**AIM OF THE EXERCISE**
All the lines below should be set down exactly, with no picture carried into the copy.

**PROVIDED DATA**
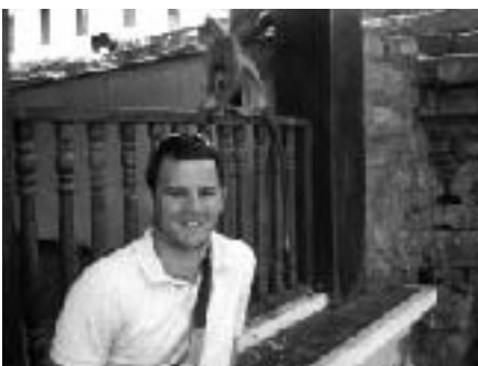
お寺でサルとの休憩
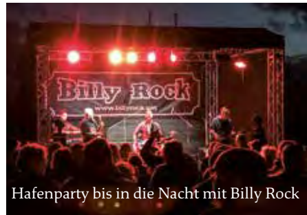
Hafenparty bis in die Nacht mit Billy Rock
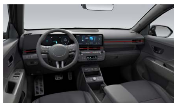
Černý interiér N Line – látkové čalounění sedadel – výhradně pro N Line
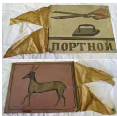
Ил. 18. Знамя портного цеха, Ростов Великий. Лицевая и оборотная стороны. XIX век. Медь, железо, ткань; роспись. 30,8 × 25,3. Государственный музей-заповедник «Ростовский кремль». Инв. № М-3128

**TASK ANSWER**
お寺でサルとの休憩
Hafenparty bis in die Nacht mit Billy Rock
Černý interiér N Line – látkové čalounění sedadel – výhradně pro N Line
Ил. 18. Знамя портного цеха, Ростов Великий. Лицевая и оборотная стороны. XIX век. Медь, железо, ткань; роспись. 30,8 × 25,3. Государственный музей-заповедник «Ростовский кремль». Инв. № М-3128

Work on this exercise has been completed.